Le volume sonore grandit. La lumière revint. C’était bien lui qu’on appelait. En un éclair, la réalité absorba les derniers fragments vaporeux de la toile que le clignement de ses yeux tentait d’éliminer. Tous les bruits alentour bondirent simultanément dans ses oreilles.

— Gunther, ça va aller ?

Le visage apeuré de Sobotka était penché au-dessus de lui, au milieu d’autres têtes inconnues. Gunther fronça les sourcils en remarquant son corps étendu de tout son long sur le parquet ciré. Sur son gilet noir trônait un amas de frites baignées de sauce brune aux cèpes. Au bout de son bras allongé, un tournedos de bœuf, gisant à terre comme un vulgaire détritus, des bris de vaisselle éparpillés, et les chaussures élégantes de quelques clients du déjeuner, debout en cercle pour mieux satisfaire leur curiosité. Sobotka aida son employé à se relever et le prit par les épaules :

— Gunther, vous nous faites des frayeurs. Venez.

Tous deux partirent d’un pas prudent vers la porte de service.

— Le spectacle est déjà terminé. Retour en coulisses, ironisa Sobotka en se tournant vers un groupe d’habitués.

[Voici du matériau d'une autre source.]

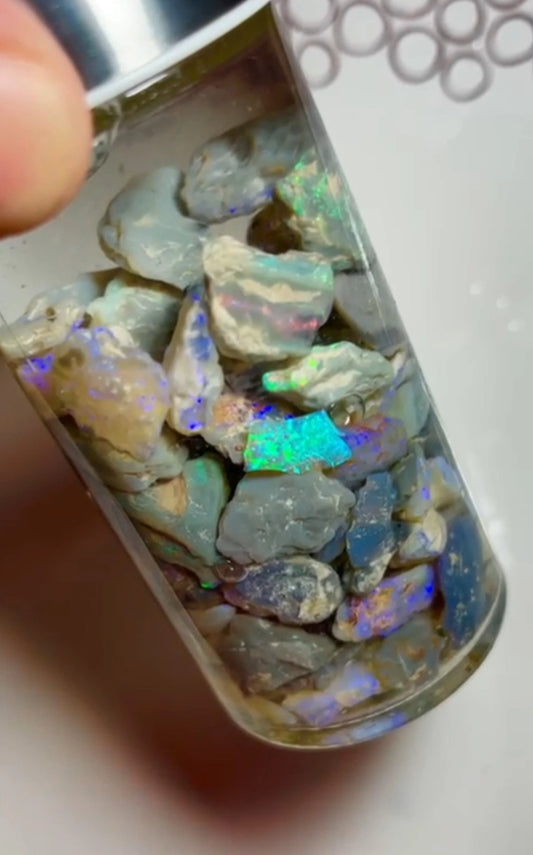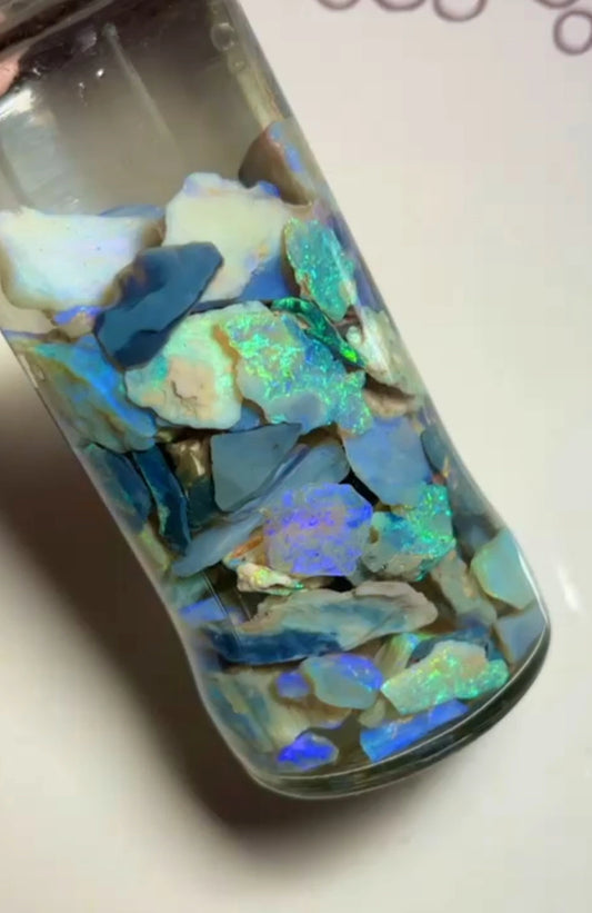 Knobby Seam & Fossil Potch & Colours 345.00cts Lightning Ridge lots colour to Gamble 23x17x5 to 8x6x3 mm Jar not included SKU#RLN013Regular price $155.00 USDRegular priceUnit price / per-

Aussitôt dans les cuisines, il perdit son sourire. Dans l’effervescence de l’heure de pointe, agrippé à son chef, Gunther se concentra sur le contact de ses pieds avec le sol. Il s’assit sur la première chaise aperçue, de peur de flancher à nouveau.

— Comment tu te sens ?
— Nauséeux. Du brouillard dans la caboche, bredouilla le serveur étourdi.
— C’est la deuxième fois cette semaine.